20年3月期の通期業績は中国を中心に内視鏡、治療機器の両事業が堅調に伸びた。前の期に計上した裁判の和解費用もなくなり、純利益は6.3倍の516億円だった。

21年3月期の業績見通しは未定とし、6月24日に改めて公表するとした。4月以降も欧米などを中心に手術延期の影響が出ており、同月の売上高は内視鏡事業が前年同月から10%減、治療機器事業が同30%減だった。

武田睦史最高財務責任者(CFO)は今後の影響について「5月は4月より厳しい状況。9月末に向けて徐々に収束する」と見通す。地域別には「中国で少し回復のようなサインがみられる」という。

正常化への道筋が不透明な中で、オリンパスは財務基盤の強化に動いている。
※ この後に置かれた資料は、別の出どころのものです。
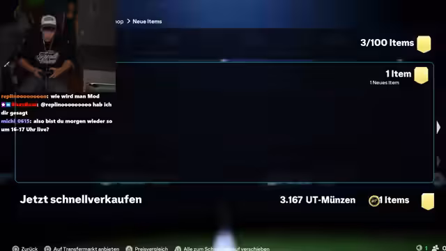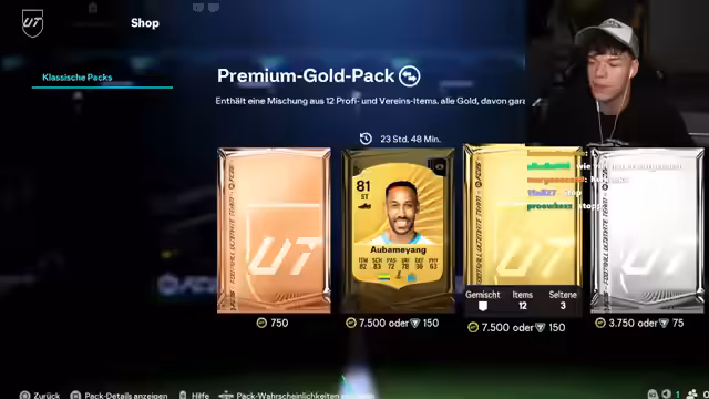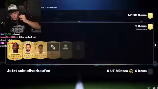 01:47:56Nach der frustrierenden Niederlage im FIFA-Spiel entscheidet sich der Streamer, wieder Packs zu öffnen in der Hoffnung, bessere Spieler zu ziehen. Er kündigt an, einen Mbappé ziehen zu wollen. Trotzdem bleibt das Glück aus und er zieht hauptsächlich durchschnittliche Spieler. Es wird überlegt, welche Spieler wertvoll sind und welche verkauft werden sollen. Der Streamer fragt den Chat um Rat, welche Spieler er behalten oder verkaufen soll. Es wird auch über die Preise von Spielern wie Lamin Jamal und Van Dijk diskutiert. Der Streamer zieht weiterhin Packs, ist aber mit den Ergebnissen unzufrieden. Er zieht hauptsächlich Frauen und durchschnittliche Spieler, aber keinen Walkout. Es wird überlegt, ob es an der Uhrzeit liegt oder ob der Account verflucht ist. Der Streamer zieht weiterhin Packs, aber ohne Erfolg.

5月までに800億円のコマーシャルペーパー(CP)を追加発行した。また、4月からは円、ドル、ユーロなどの資金を一括して管理。グループ内の資金を効率的に運用する。

他の医療機メーカーでも手術延期の影響は出ている。カテーテル(医療用細管)が主力のテルモでは、4月の売上高が前年同月比約1割減。カテーテルを取り扱う心臓血管部門は約3割減となっった。佐藤慎次郎社長は「下期に回復基調になると見込むが、正常化が6カ月遅れる回復遅延シナリオも念頭に置く」と話す。

テルモは3月までに400億円の資金調達を済ませた。また600億円の融資枠を追加で設定するなど手元資金を厚くしている。